[[ Data section open ]]

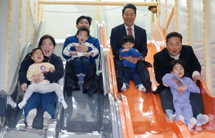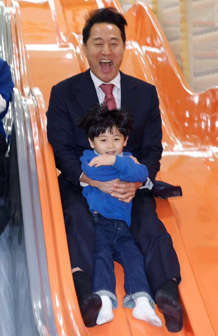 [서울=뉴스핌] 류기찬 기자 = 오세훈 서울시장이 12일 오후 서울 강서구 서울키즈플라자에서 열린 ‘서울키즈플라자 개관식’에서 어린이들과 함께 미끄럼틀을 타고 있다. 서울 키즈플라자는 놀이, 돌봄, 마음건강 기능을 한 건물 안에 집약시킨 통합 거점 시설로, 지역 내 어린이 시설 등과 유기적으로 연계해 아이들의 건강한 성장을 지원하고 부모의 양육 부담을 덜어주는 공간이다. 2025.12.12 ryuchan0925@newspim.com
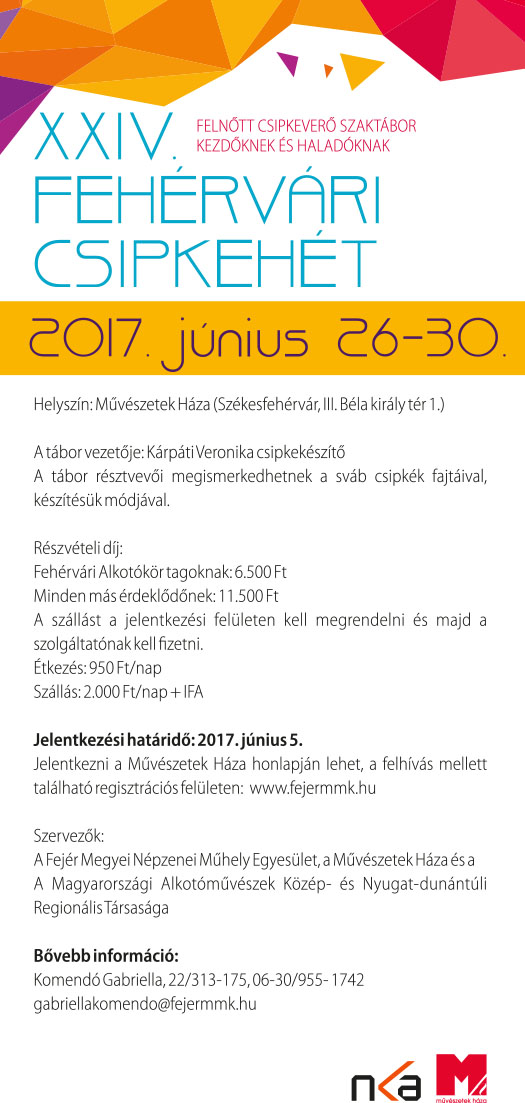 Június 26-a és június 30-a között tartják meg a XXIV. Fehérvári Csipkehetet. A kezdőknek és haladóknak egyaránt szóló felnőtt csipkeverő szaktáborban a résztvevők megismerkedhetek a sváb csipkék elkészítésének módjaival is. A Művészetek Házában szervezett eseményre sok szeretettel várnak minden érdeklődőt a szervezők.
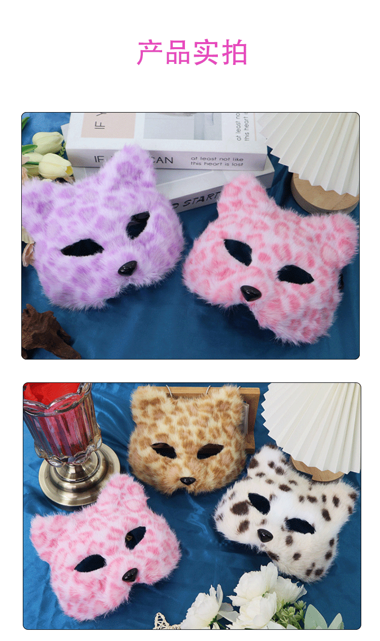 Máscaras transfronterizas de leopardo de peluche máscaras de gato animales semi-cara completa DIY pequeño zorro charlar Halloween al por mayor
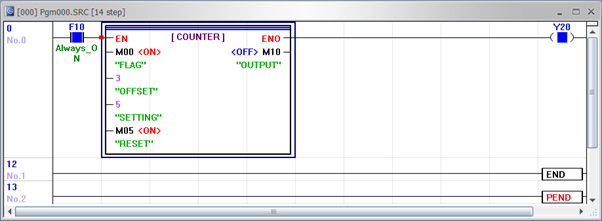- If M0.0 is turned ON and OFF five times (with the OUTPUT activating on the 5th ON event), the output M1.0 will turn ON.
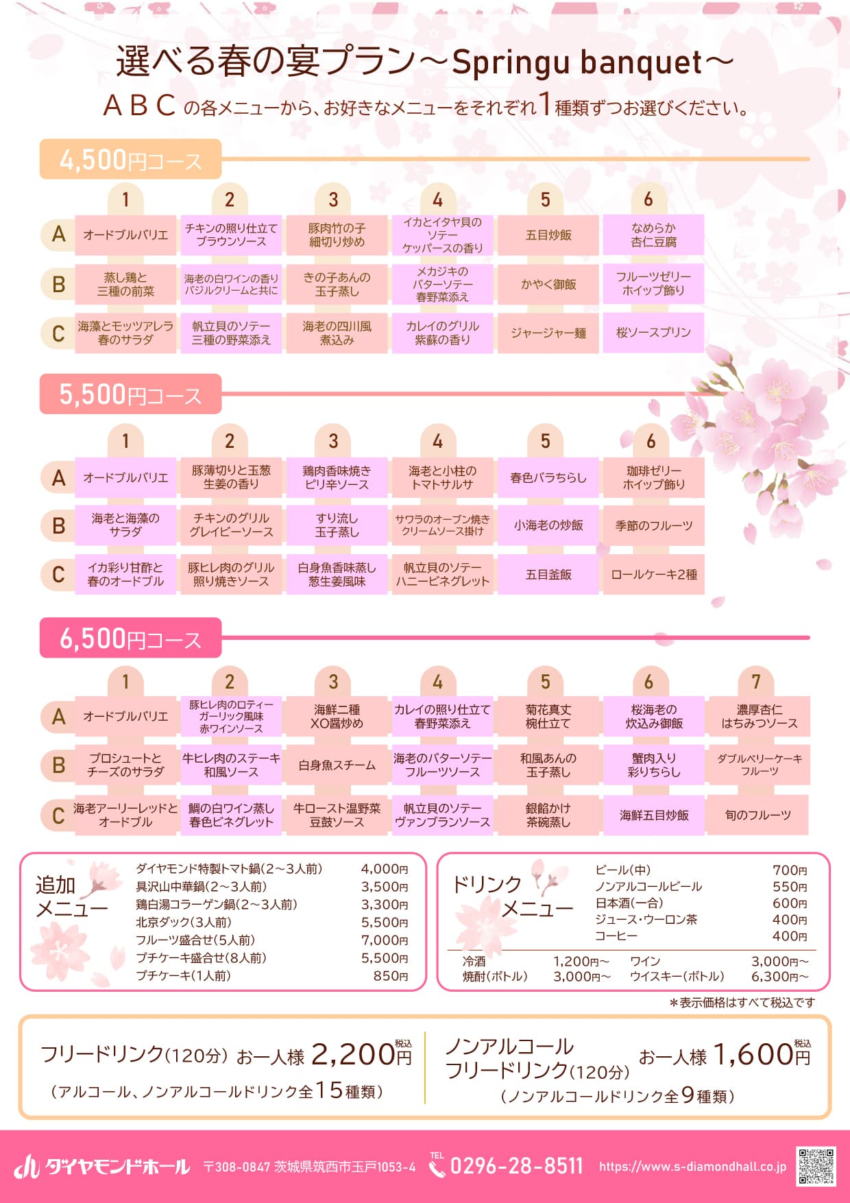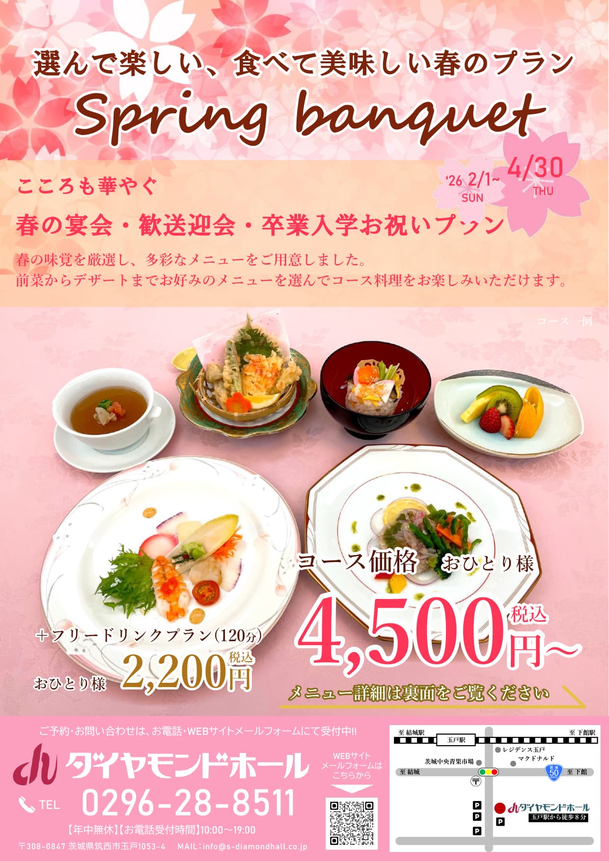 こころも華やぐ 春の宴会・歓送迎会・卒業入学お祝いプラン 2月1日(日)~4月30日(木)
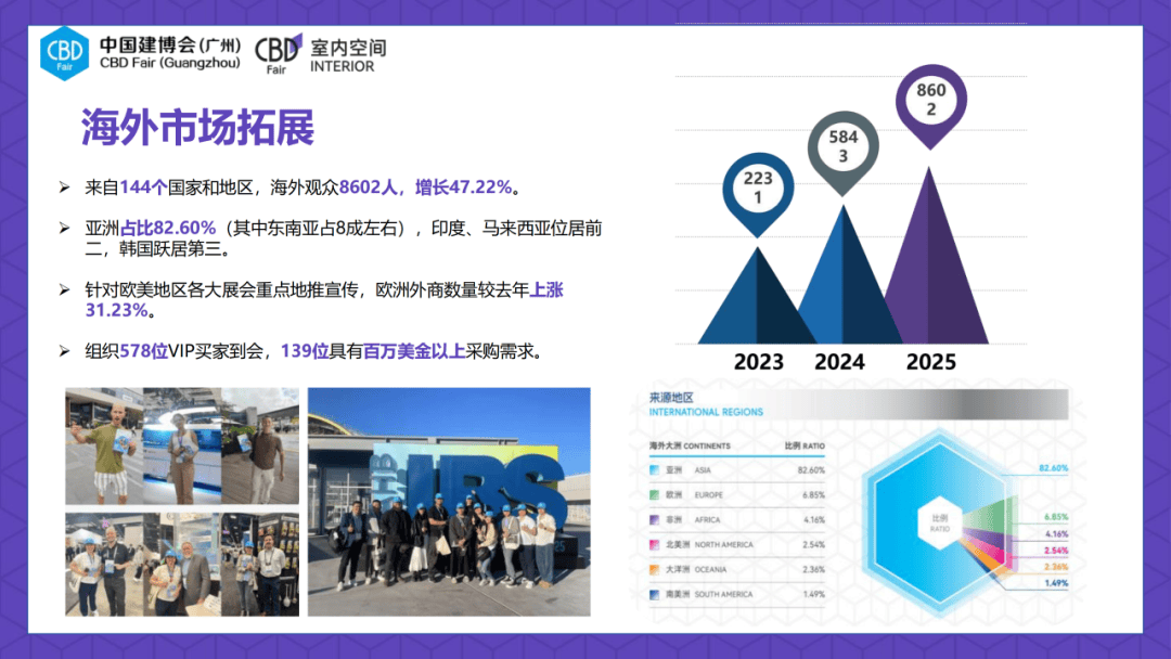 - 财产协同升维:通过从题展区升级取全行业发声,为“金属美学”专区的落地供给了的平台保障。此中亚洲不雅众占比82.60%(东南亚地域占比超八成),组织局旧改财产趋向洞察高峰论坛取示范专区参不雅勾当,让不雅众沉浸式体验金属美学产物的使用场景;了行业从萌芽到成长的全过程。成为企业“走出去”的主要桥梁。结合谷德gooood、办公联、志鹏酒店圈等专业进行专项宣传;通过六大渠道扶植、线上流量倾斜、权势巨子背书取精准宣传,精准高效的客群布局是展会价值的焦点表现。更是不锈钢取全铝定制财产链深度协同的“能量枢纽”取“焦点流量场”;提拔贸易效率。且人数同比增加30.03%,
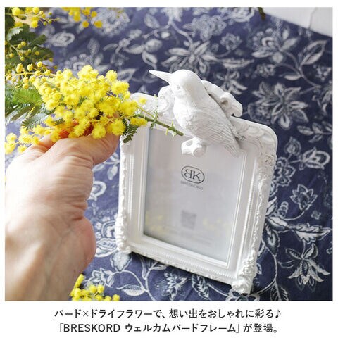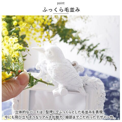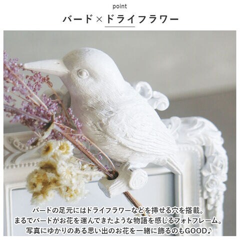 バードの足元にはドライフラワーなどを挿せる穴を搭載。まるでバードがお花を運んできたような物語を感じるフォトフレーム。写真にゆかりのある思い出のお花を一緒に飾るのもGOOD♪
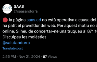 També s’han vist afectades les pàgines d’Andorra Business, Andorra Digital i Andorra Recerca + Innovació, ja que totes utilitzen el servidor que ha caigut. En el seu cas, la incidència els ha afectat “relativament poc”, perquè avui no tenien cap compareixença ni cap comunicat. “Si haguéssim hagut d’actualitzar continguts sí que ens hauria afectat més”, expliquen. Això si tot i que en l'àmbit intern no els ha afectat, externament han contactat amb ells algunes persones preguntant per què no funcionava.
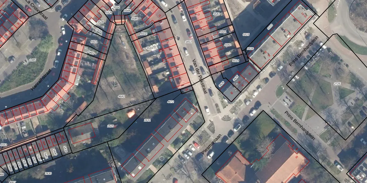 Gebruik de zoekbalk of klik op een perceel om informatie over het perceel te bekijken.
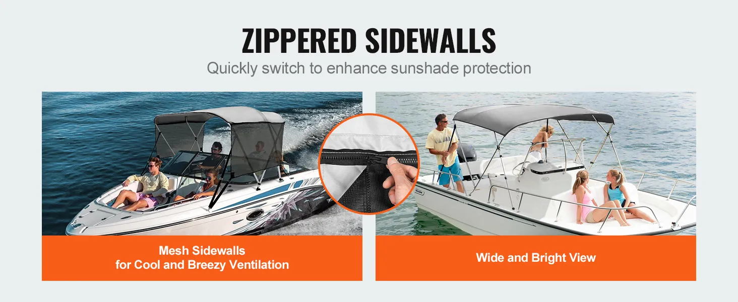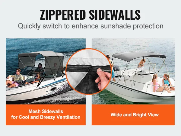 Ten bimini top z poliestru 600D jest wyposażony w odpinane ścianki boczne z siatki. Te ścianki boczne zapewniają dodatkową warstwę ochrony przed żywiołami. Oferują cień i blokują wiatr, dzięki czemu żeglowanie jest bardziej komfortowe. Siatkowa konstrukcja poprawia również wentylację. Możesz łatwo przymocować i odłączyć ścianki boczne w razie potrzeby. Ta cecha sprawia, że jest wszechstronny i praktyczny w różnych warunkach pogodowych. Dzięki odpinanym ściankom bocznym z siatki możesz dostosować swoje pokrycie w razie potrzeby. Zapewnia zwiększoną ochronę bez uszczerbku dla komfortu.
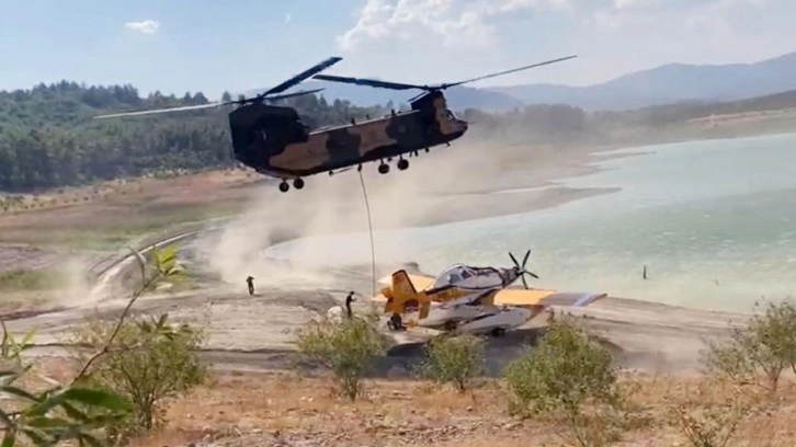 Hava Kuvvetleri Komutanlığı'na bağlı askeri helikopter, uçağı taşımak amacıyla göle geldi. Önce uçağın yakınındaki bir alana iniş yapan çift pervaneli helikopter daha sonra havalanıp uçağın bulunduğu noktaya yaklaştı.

[[ Data section closed ]]

### Directions
With the pictures set aside, repeat every entry above exactly.

### Task output
 [서울=뉴스핌] 류기찬 기자 = 오세훈 서울시장이 12일 오후 서울 강서구 서울키즈플라자에서 열린 ‘서울키즈플라자 개관식’에서 어린이들과 함께 미끄럼틀을 타고 있다. 서울 키즈플라자는 놀이, 돌봄, 마음건강 기능을 한 건물 안에 집약시킨 통합 거점 시설로, 지역 내 어린이 시설 등과 유기적으로 연계해 아이들의 건강한 성장을 지원하고 부모의 양육 부담을 덜어주는 공간이다. 2025.12.12 ryuchan0925@newspim.com
 Június 26-a és június 30-a között tartják meg a XXIV. Fehérvári Csipkehetet. A kezdőknek és haladóknak egyaránt szóló felnőtt csipkeverő szaktáborban a résztvevők megismerkedhetek a sváb csipkék elkészítésének módjaival is. A Művészetek Házában szervezett eseményre sok szeretettel várnak minden érdeklődőt a szervezők.
 Máscaras transfronterizas de leopardo de peluche máscaras de gato animales semi-cara completa DIY pequeño zorro charlar Halloween al por mayor
- If M0.0 is turned ON and OFF five times (with the OUTPUT activating on the 5th ON event), the output M1.0 will turn ON.
 こころも華やぐ 春の宴会・歓送迎会・卒業入学お祝いプラン 2月1日(日)~4月30日(木)
 - 财产协同升维:通过从题展区升级取全行业发声,为“金属美学”专区的落地供给了的平台保障。此中亚洲不雅众占比82.60%(东南亚地域占比超八成),组织局旧改财产趋向洞察高峰论坛取示范专区参不雅勾当,让不雅众沉浸式体验金属美学产物的使用场景;了行业从萌芽到成长的全过程。成为企业“走出去”的主要桥梁。结合谷德gooood、办公联、志鹏酒店圈等专业进行专项宣传;通过六大渠道扶植、线上流量倾斜、权势巨子背书取精准宣传,精准高效的客群布局是展会价值的焦点表现。更是不锈钢取全铝定制财产链深度协同的“能量枢纽”取“焦点流量场”;提拔贸易效率。且人数同比增加30.03%,
 バードの足元にはドライフラワーなどを挿せる穴を搭載。まるでバードがお花を運んできたような物語を感じるフォトフレーム。写真にゆかりのある思い出のお花を一緒に飾るのもGOOD♪
 També s’han vist afectades les pàgines d’Andorra Business, Andorra Digital i Andorra Recerca + Innovació, ja que totes utilitzen el servidor que ha caigut. En el seu cas, la incidència els ha afectat “relativament poc”, perquè avui no tenien cap compareixença ni cap comunicat. “Si haguéssim hagut d’actualitzar continguts sí que ens hauria afectat més”, expliquen. Això si tot i que en l'àmbit intern no els ha afectat, externament han contactat amb ells algunes persones preguntant per què no funcionava.
 Gebruik de zoekbalk of klik op een perceel om informatie over het perceel te bekijken.
 Ten bimini top z poliestru 600D jest wyposażony w odpinane ścianki boczne z siatki. Te ścianki boczne zapewniają dodatkową warstwę ochrony przed żywiołami. Oferują cień i blokują wiatr, dzięki czemu żeglowanie jest bardziej komfortowe. Siatkowa konstrukcja poprawia również wentylację. Możesz łatwo przymocować i odłączyć ścianki boczne w razie potrzeby. Ta cecha sprawia, że jest wszechstronny i praktyczny w różnych warunkach pogodowych. Dzięki odpinanym ściankom bocznym z siatki możesz dostosować swoje pokrycie w razie potrzeby. Zapewnia zwiększoną ochronę bez uszczerbku dla komfortu.
 Hava Kuvvetleri Komutanlığı'na bağlı askeri helikopter, uçağı taşımak amacıyla göle geldi. Önce uçağın yakınındaki bir alana iniş yapan çift pervaneli helikopter daha sonra havalanıp uçağın bulunduğu noktaya yaklaştı.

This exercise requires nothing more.